In Manchester on 5 December 2016, Woodward was one of five abuse victims at the launch of an organisation, the Offside Trust, to support player victims of abuse and their families. Initially a director of the Trust, Woodward resigned on 27 January 2017.

In October 2017, Woodward criticised Football Association chairman Greg Clarke for 'humiliating' remarks Clarke made to a Digital, Culture, Media and Sport Committee hearing, while the Professional Footballers' Association's chief executive Gordon Taylor said the PFA might sue Clarke over suggestions Taylor had not supported Woodward with further counselling.

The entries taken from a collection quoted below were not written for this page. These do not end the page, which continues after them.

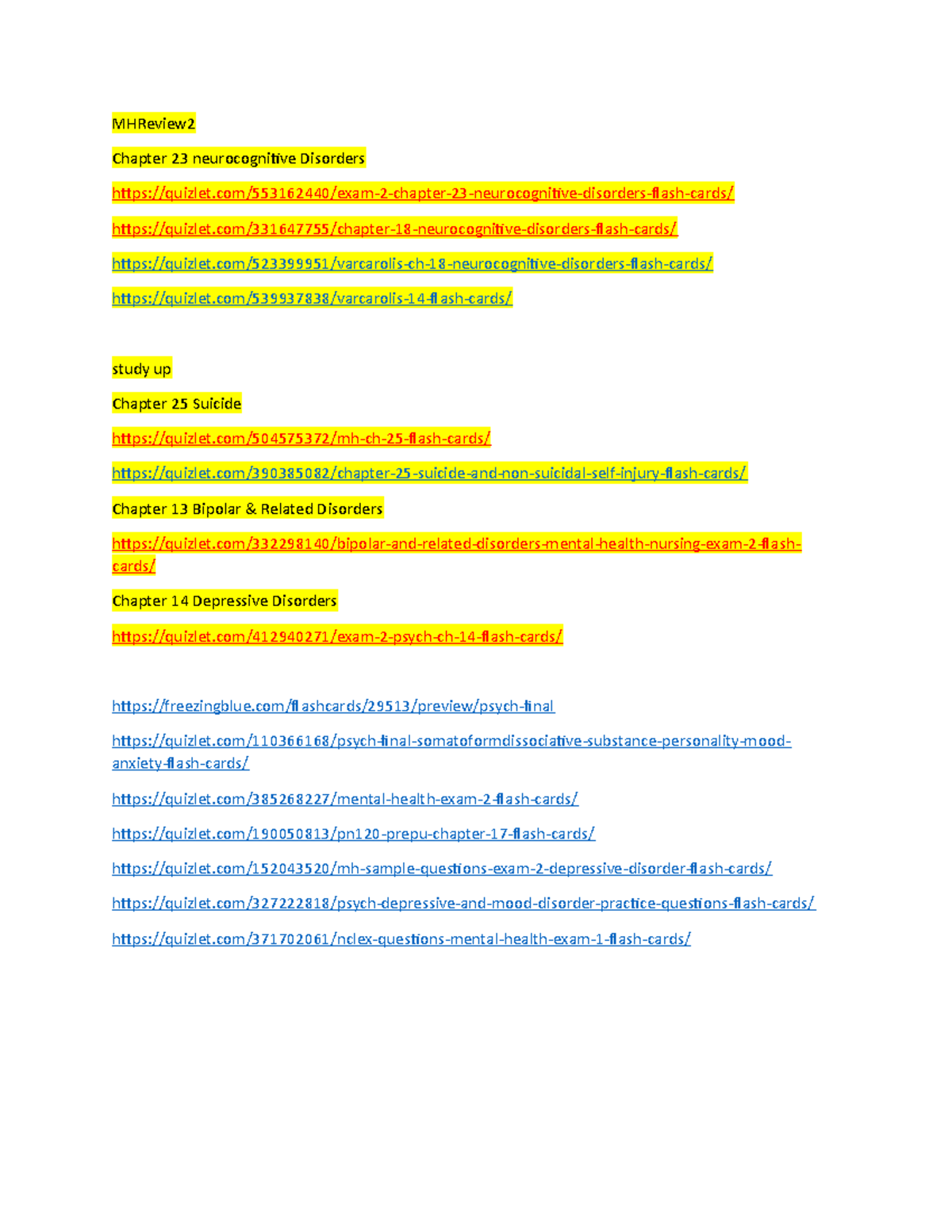 Hesi Rn Mental Health Hesi Review Multiple Choice Flashcards Quizlet Studocu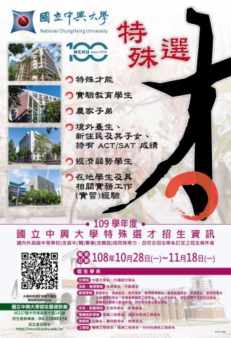 一、本校特殊選才招生報名日期訂於108年10月28日起至11月18日止,採網路報名,郵寄審查資料。報名網址為http://recruit.nchu.edu.tw/。自即日起,招生簡章開放下載。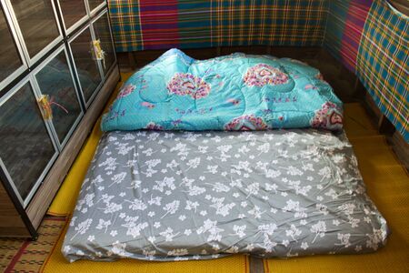 Bed vintage and retro thai style in bedroom of married traditional for groom and bride sleep at home in Yasothon, Thailand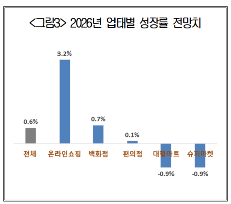 高물가, 소비심리 위축 등으로... 내년 소매유통 성장률, 5년 내 최저 전망 - 대한상의 조사, ‘2026년 유통산업 전망 조사’... 2026년 소매유통시장 ‘0.6%’ 성장 전망 - 업태별 희비 엇갈려... 온라인 3.2% 성장, 대형마트․슈퍼마켓 등 오프라인은 ‘위축’ - 상의 “소비 진작책, 글로벌 스탠더드에 맞는 규제개선, 성장잠재력 확충 등 대책 필요” - 2025년 유통업계 7대 뉴스 : ‘민생회복 소비쿠폰’, ‘내수부진 지속’, ‘온라인 성장세 둔화’ 등 꼽아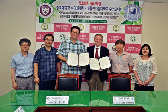 충북대학교 수의과대학(학장 정의배)과 베를린 자유대학교 수의과대학(학장 Leo Brunnberg)이 7월 15일(화) 충북대수의과대학 교수회의실에서 교수 및 관계자가 참석한 가운데 상호협력 협약을 체결했다.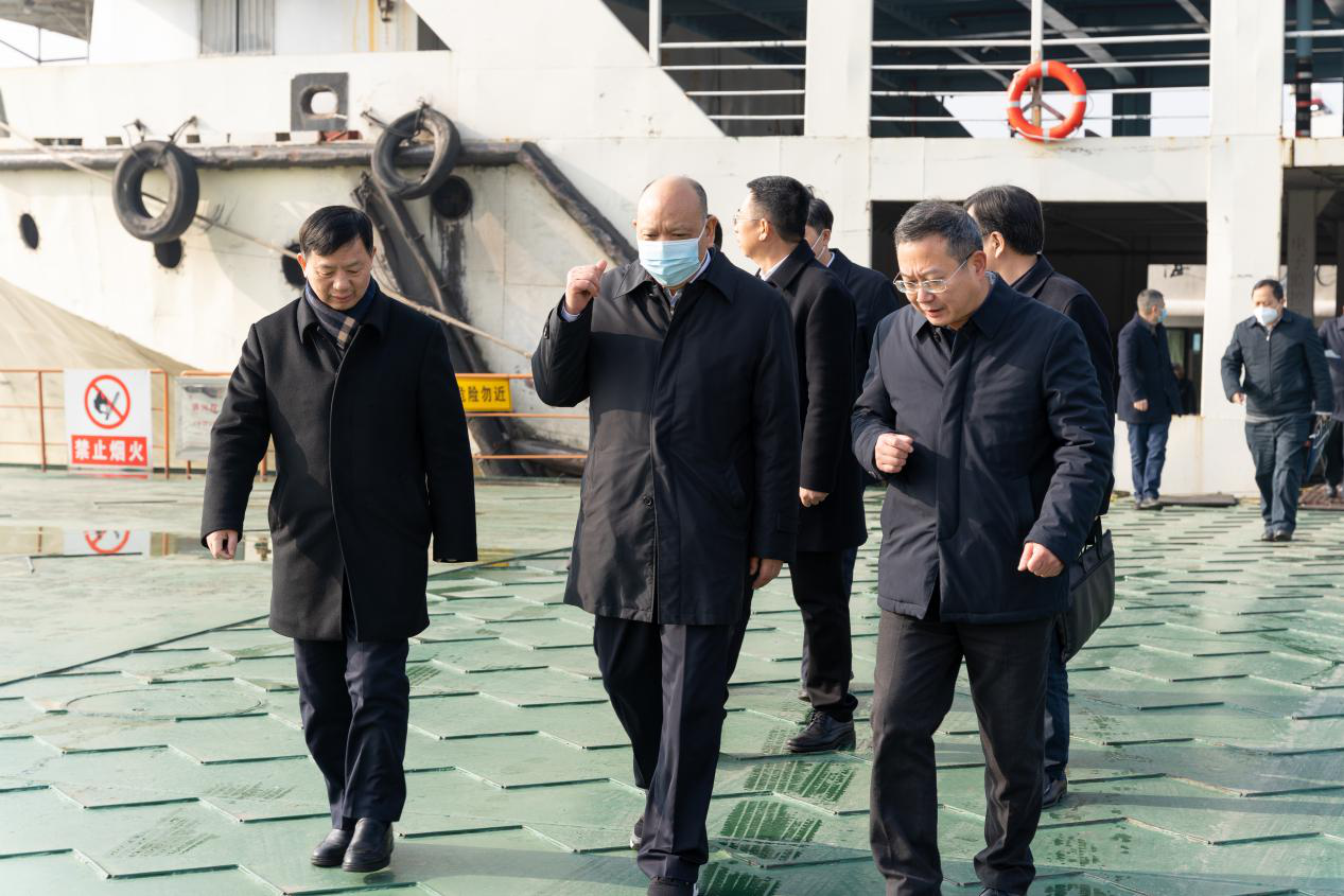 副省長(zhǎng)李建中調(diào)研長(zhǎng)沙交通集團(tuán)長(zhǎng)沙新港    2月15日,副省長(zhǎng)李建中調(diào)研湘江航道及港口建設(shè)發(fā)展情況,來(lái)到長(zhǎng)沙港霞凝港區(qū)實(shí)地考察。長(zhǎng)沙交通集團(tuán)黨委書記、董事長(zhǎng)李建國(guó),黨委副書記、董事、總經(jīng)理劉俊武在長(zhǎng)沙新港陪同考察。 李建中一行乘船從長(zhǎng)沙新港滾裝碼頭上岸,先后參觀了長(zhǎng)沙新港企業(yè)文化展廳、智能調(diào)度中心,李建中詳細(xì)了解了長(zhǎng)沙新港港口建設(shè)、作業(yè)裝卸能力、智慧港口建設(shè)等情況。 李建中指出,要全面貫徹落實(shí)黨的二十大精神和省委、省政府決策部署,落實(shí)“統(tǒng)一平臺(tái)、統(tǒng)分結(jié)合,水港協(xié)調(diào)、港產(chǎn)聯(lián)動(dòng),市場(chǎng)為主、行政推動(dòng)”的發(fā)展方向,做到市場(chǎng)拓展與港口運(yùn)行“兩手抓”,打造湖南區(qū)域港口統(tǒng)一品牌,加快推動(dòng)港口高質(zhì)量發(fā)展。 李建中強(qiáng)調(diào),推進(jìn)全省港口集約化發(fā)展,加大對(duì)湘、資、沅、澧“四水”千噸級(jí)碼頭整合力度,形成規(guī)模效應(yīng);優(yōu)化港口發(fā)展資源配置,為港口預(yù)留發(fā)展空間;發(fā)揮多式聯(lián)運(yùn)優(yōu)勢(shì),形成港區(qū)優(yōu)勢(shì)互補(bǔ)、公鐵水高效聯(lián)運(yùn)、產(chǎn)業(yè)無(wú)縫銜接的港口發(fā)展體系;做好臨港經(jīng)濟(jì)文章,帶動(dòng)相關(guān)產(chǎn)業(yè),支持優(yōu)勢(shì)產(chǎn)業(yè),積極引導(dǎo)產(chǎn)業(yè)臨港聚集;切實(shí)抓好安全生產(chǎn)和生態(tài)環(huán)境保護(hù),提升港口安全發(fā)展、綠色發(fā)展水平。 |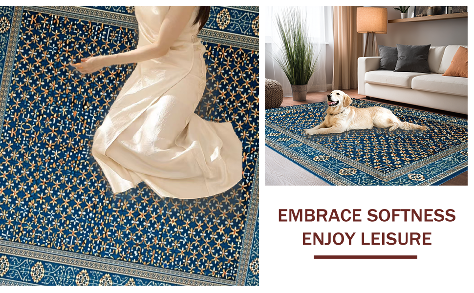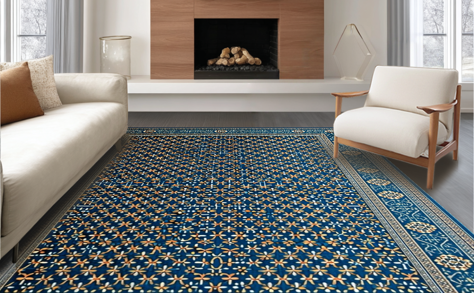 Ultra Soft Area Rug, Non Slip, Stain Resistant, Washable Area Rugs for Living Room, Bedroom, Luxurious Gray Medallion Aesthetic(Blue) Overview: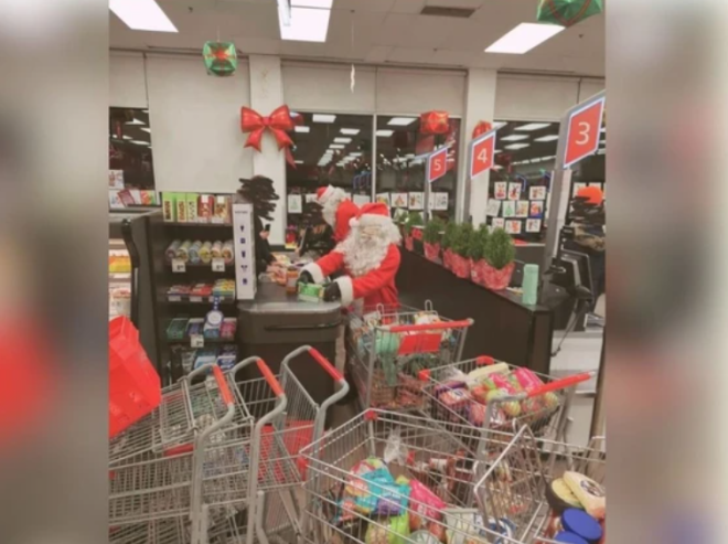 据CTV报道,本周一晚上,在加拿大一家Metro超市里,多名“圣诞老人”带着一大群戴着面具的“精灵”推着购物车在货架间快速穿梭,把食物装满一车又一车。

In December 2017, two men from Crewe were jailed for 'trolling' Woodward on social media.

In June 2019, shortly before publication of Andy Woodward's autobiography Position of Trust, The Guardian reported that Barry Bennell's cousin, Ronald Bennell, had been jailed in 1971 for the rape and murder of Woodward's aunt, Lynda Stewart, and that Barry Bennell had married Woodward's older sister, also named Lynda, in 1991. The Guardians coverage also said Woodward unsuccessfully sued Crewe for damages in 2004. Woodward's book was shortlisted for the 2019 William Hill Sports Book of the Year. Woodward's story was dramatised in the 2022 television film Floodlights, in which he is portrayed by Gerard Kearns and his younger self by Max Fletcher.